The proper approach to possession claims and to defences to those claims based on human rights grounds is still unclear, The Master of the Rolls has acknowledged.

Speaking last month at the annual conference of the Social Housing Law Association, Lord Neuberger said: “The proper approach….is all can agree extremely important. It is important to landlords, whether private landlords, local councils or registered social landlords. It is important to tenants. Clarity in the law is always of fundamental importance. Here where both property rights and the right to respect for private and family life enter the equation, clarity is perhaps a particularly pressing issue.”

The judge pointed to the conflicting approaches taken by the European Court of Human Rights and the Supreme Court to the application of Article 8 of the European Convention on Human Rights (the right to respect for private and family life).
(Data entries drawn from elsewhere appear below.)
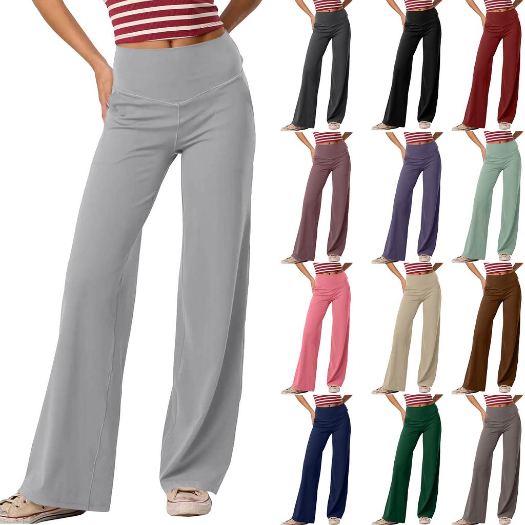 Dámské vysokopasé zvonové volné rovné jógové kalhoty pro venkovní sporty
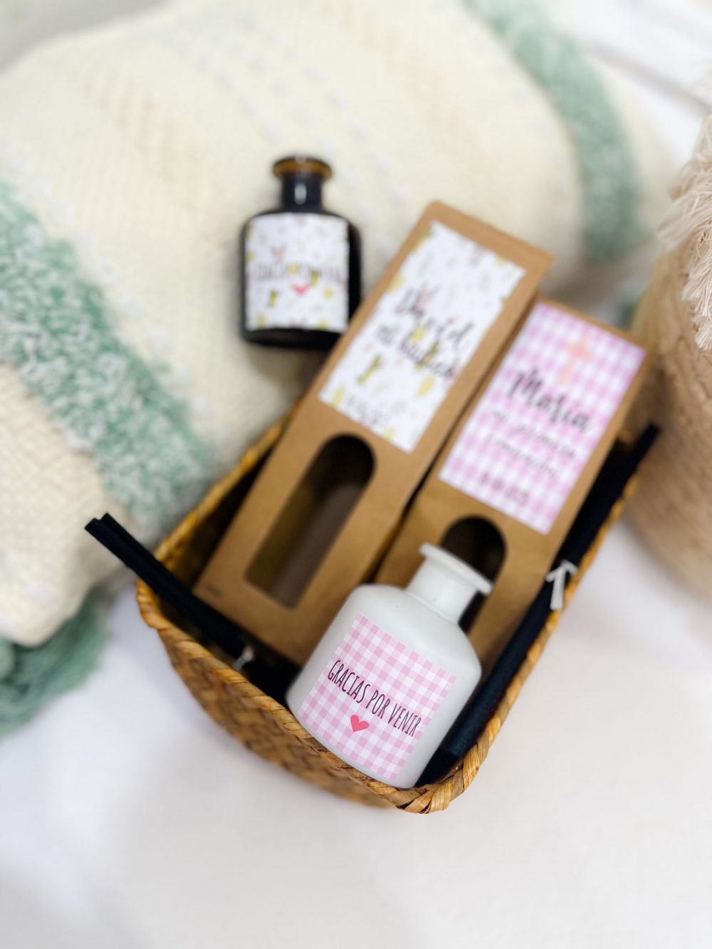 Nuestro mikado ambientador personalizado está diseñado para crear un ambiente agradable y fresco en cualquier celebración. Con una fragancia delicada y duradera, será el detalle perfecto que tus invitados podrán llevarse como recuerdo.
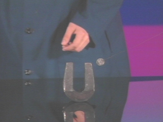 | A Canadian nickel is heated above its Curie point and falls away from a strong magnet. (Disc 19-24, 33 sec.) |
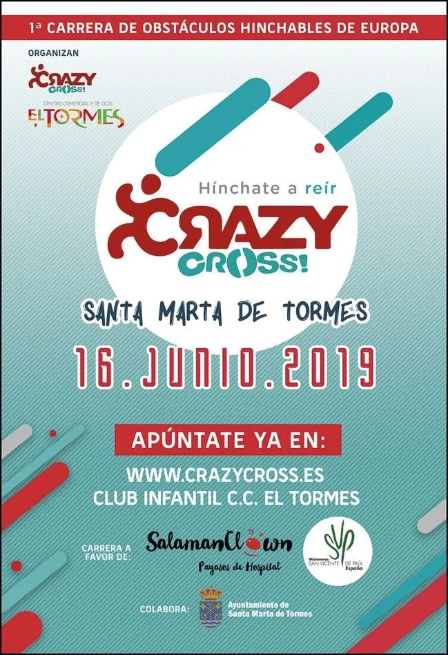 El próximo 16 de junio llega a Salamanca la loca carrera de obstáculos hinchables: El Tormes Crazy Cross, una divertida prueba organizada por el Centro Comercial El Tormes y Crazy Cross con la colaboración del Ayuntamiento de Santa Marta de Tormes.
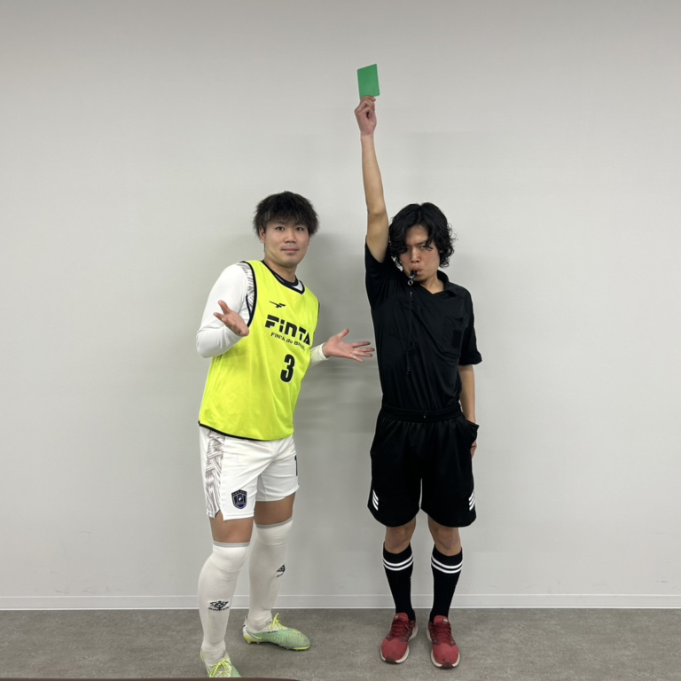 なんとサッカーのユニフォームとレフリー姿で気合満々で来ていました!笑
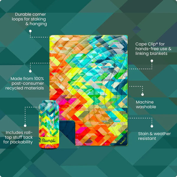 Meet the blanket that launched a brand – the original "blanket for everywhere," Rumpl's most iconic silhouette, and number one bestseller. Now in Geo Fresh - a fresh spin on our best-selling Geo print.
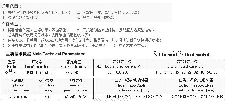 BXM(D)51系列防爆照明(動力)配電箱(ⅡB)主要技術參數:  BXM(D)51系列防爆照明(動力)配電箱(ⅡB)技術參數
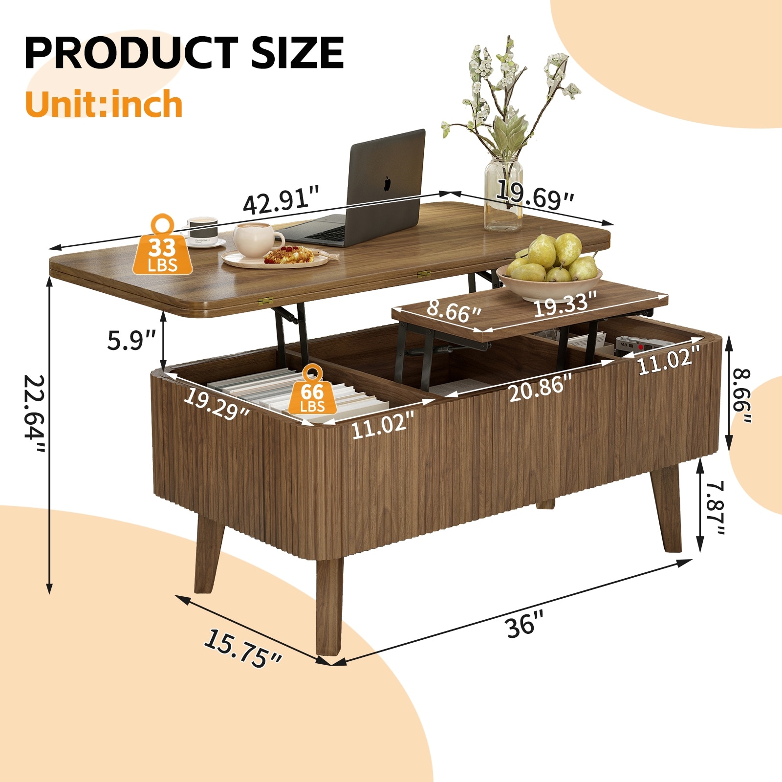 3 in 1 Lift Top Coffee Table Convertible Dining Table with Small Lift Top Tea Table, Hidden Storage, Fluted Wood Sofa Table

The Strasbourg court has insisted that Article 8 considerations go wider than that available in traditional judicial review proceedings.

“I wonder if we can say that we have yet achieved such necessary clarity here,” the judge told delegates. “The continuing debate between Strasbourg and the, now, Supreme Court suggests not. The Weaver debate [R (Weaver) v London & Quadrant Housing Trust] suggests not.”
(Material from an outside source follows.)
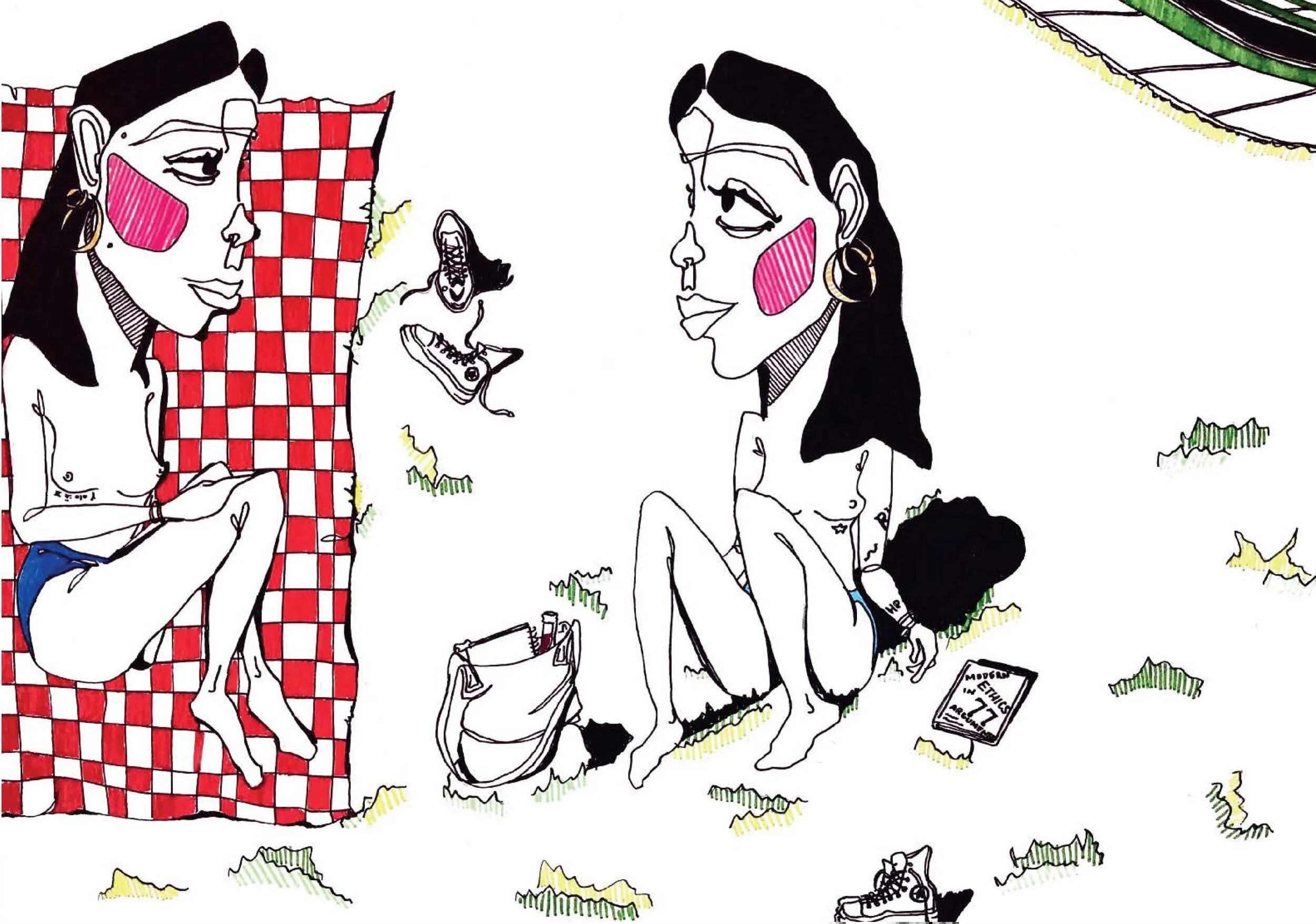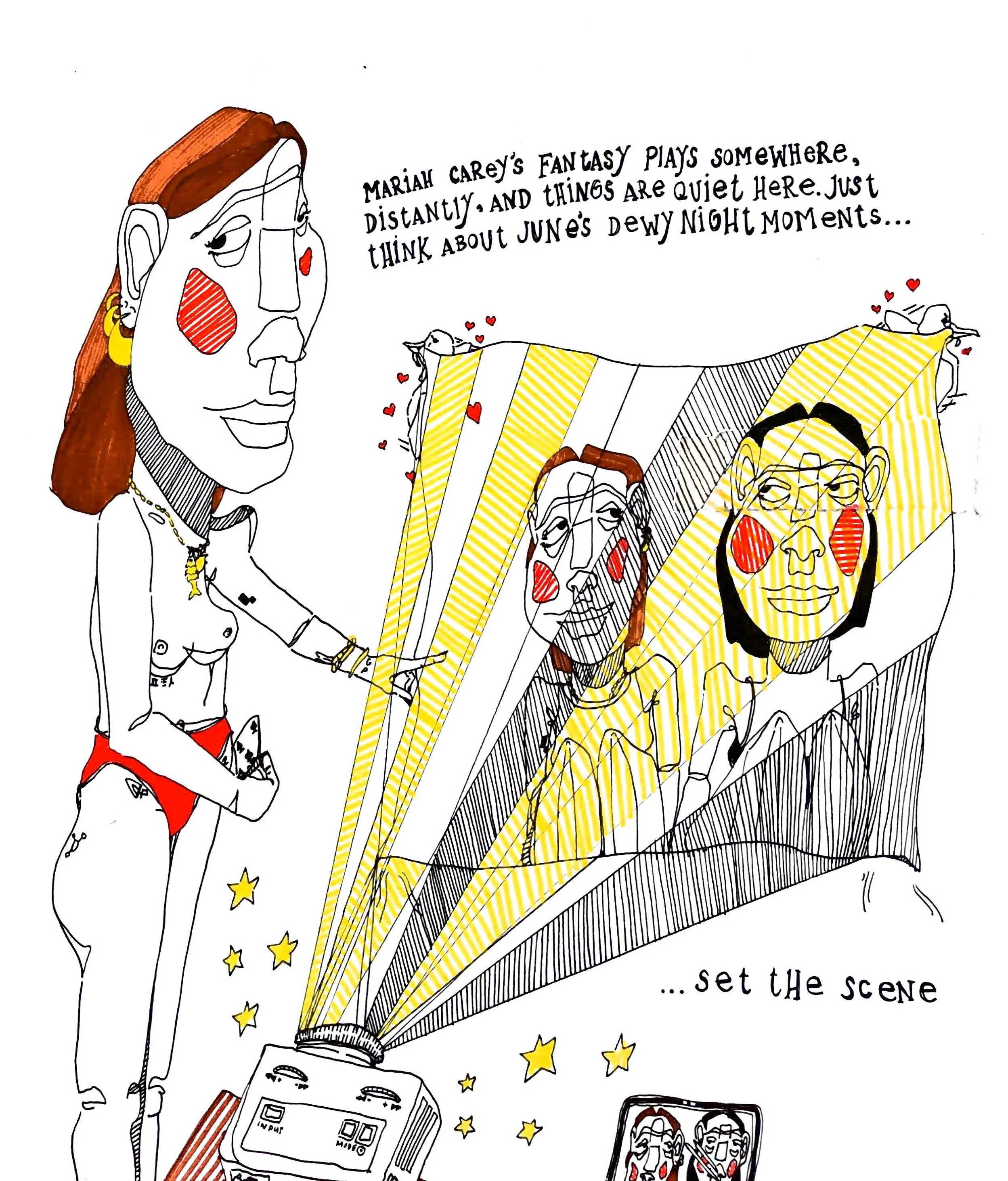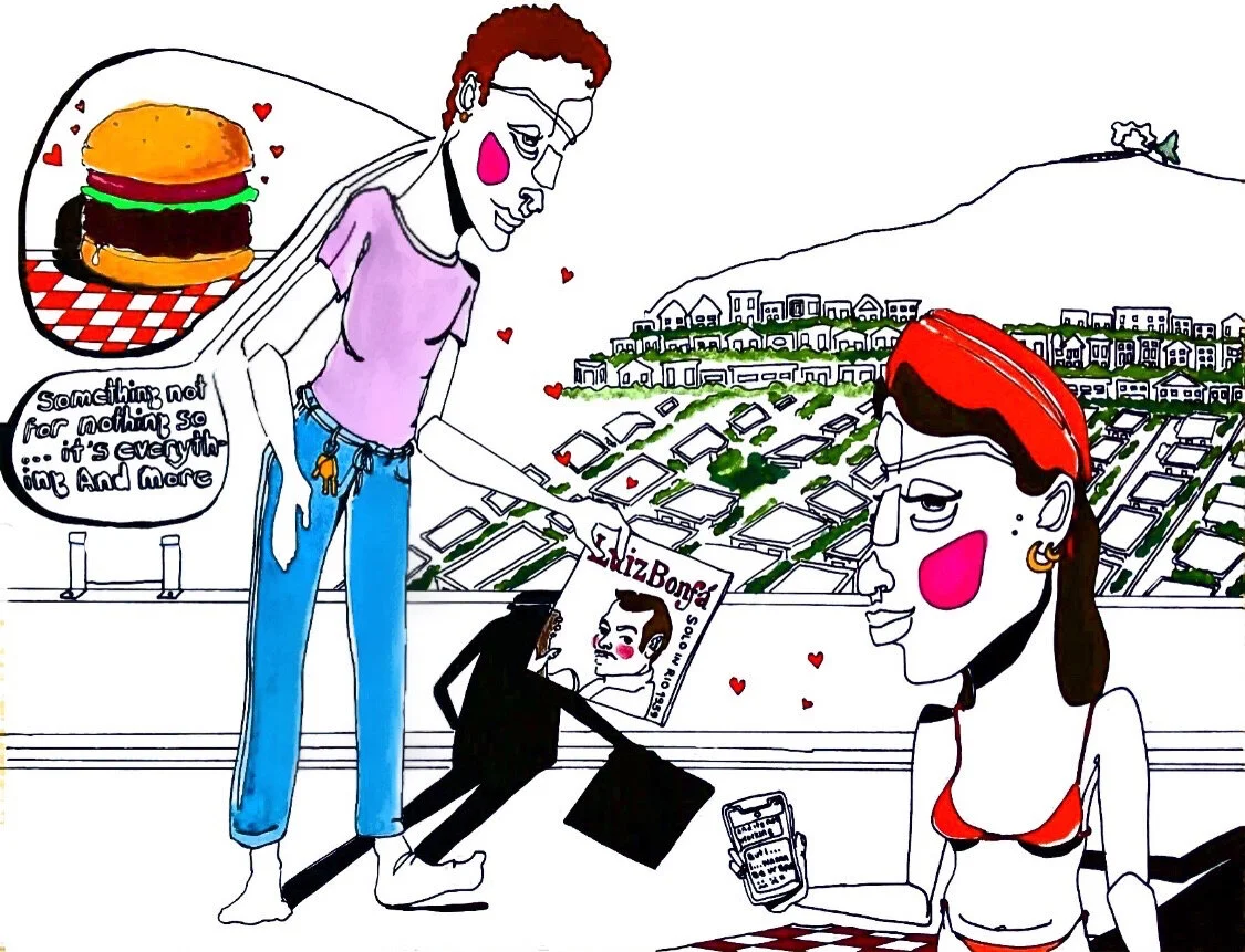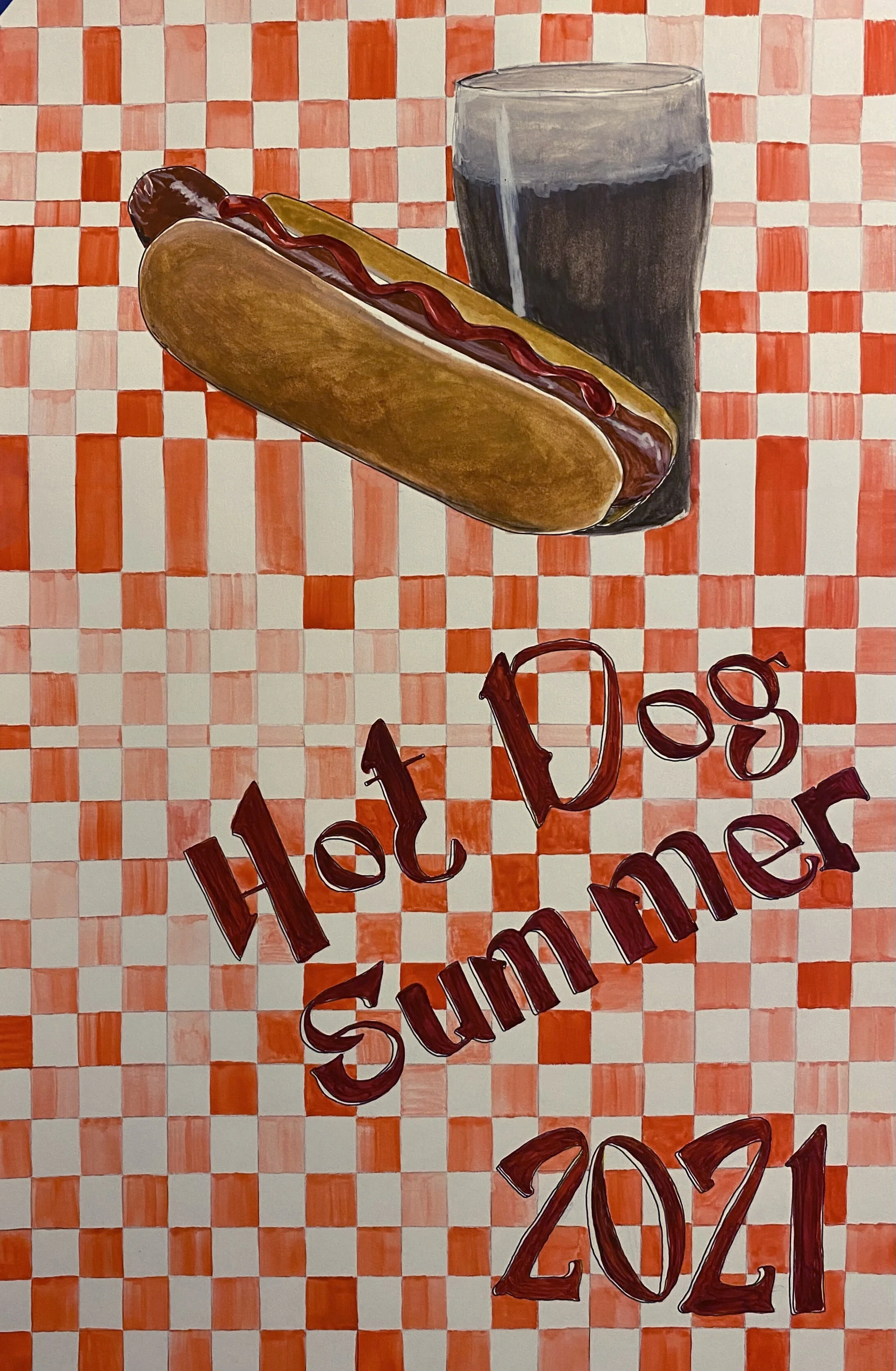 hot dog summer, 2021, 9x11in, gouache and ink on paper

The Master of the Rolls said he hoped that the European Court of Human Rights “will not regard its role as being that of dictator to national courts”. Mutual respect and understanding, through the means of constructive dialogue, should be the order of the day, he suggested.

Lord Neuberger also acknowledged in his speech that “for the foreseeable future” the law on whether residential social landlords perform a public function and so are amenable to judicial review on public law grounds “remains uncertain in spite of [the] present, albeit contingent, finality” of the Court of Appeal’s ruling in Weaver.
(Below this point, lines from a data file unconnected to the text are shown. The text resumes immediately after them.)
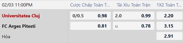 Thông tin tỷ lệ cược Universitatea Cluj vs Arges:
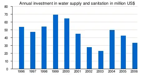 | Annual investment in water supply and sanitation | US$3.7/capita (2006)[2] |
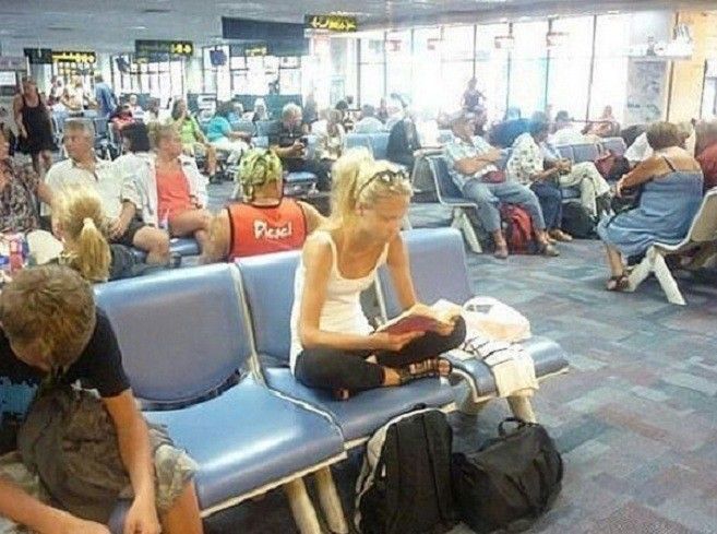 Девушка ожидала свой рейс в аэропорту. Ее рейс был задержан, и ей придется ждать самолет в течение нескольких часов. Она купила книгу, пакет печенья и села в кресло, чтобы провести время. Рядом с ней был пустой стул, где лежал пакет печенья, а на следующем кресле сидел мужчина, который читал журнал. Она взяла печенье, мужчина взял тоже! Ее это взбесило, но она ничего не сказала и продолжала читать.
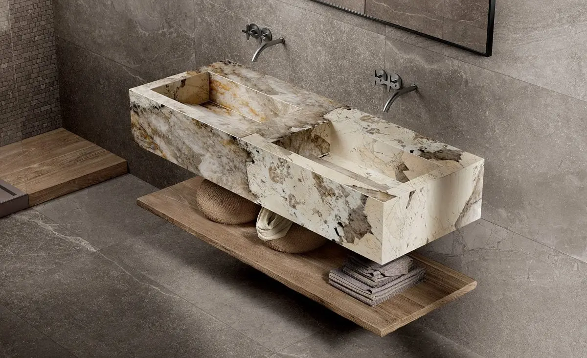 Prostym i najlepszym sposobem na wprowadzenie do łazienki odcieni szarości są płytki. Dostępność płytek jest naprawdę ogromna i czasami ciężko się zdecydować. Bez względu na motyw czy sposób dekoracji, płytki z nadrukiem to doskonały sposób na odzwierciedlenie osobowości w aranżacji wnętrza.

In that case, the Supreme Court refused permission to appeal from the Court of Appeal’s decision, which found that the Trust was a hybrid public authority and when serving a notice to quit on a tenant, the trust was not performing a purely private act.

Explaining the reasons for its refusal, the Supreme Court argued that it was “not a suitable case on the facts”. However, it recognised that the issue was one it should consider and recommended leap-frogging a suitable case if one could be found.

The Master of the Rolls said that “unless and until the issues in Weaver are considered by the Supreme Court, RSLs are left in this position:
RSLs are going to have to consider on a case-by-case basis whether they are likely to be held to be hybrid authorities – a “fact-sensitive” question;
In assessing whether they are a hybrid authority, they will need to assess the function question – is allocation and management a public function?;

If the function question is such as it suggests that they are a hybrid authority, the act question – is the act in question, such as terminating a tenancy, a public or private act? – must be addressed; In assessing both the function and act questions context is everything. What would otherwise be a private act, depending on its context, could well be a public act.”

Lord Neuberger said the ongoing uncertainty meant that RSLs similar to London & Quadrant Housing Trust are likely to be open to HRA challenges where they terminate tenancies.

The attempt by the parties to the dispute in Weaver to bring finality has failed, he added. “Perhaps that is because this is an area where such all-embracing answers might not be possible. We must wait to see. And until we do it is likely that RSLs will find themselves subject to Article 8 defences to possession claims as well as judicial review proceedings as public authorities.”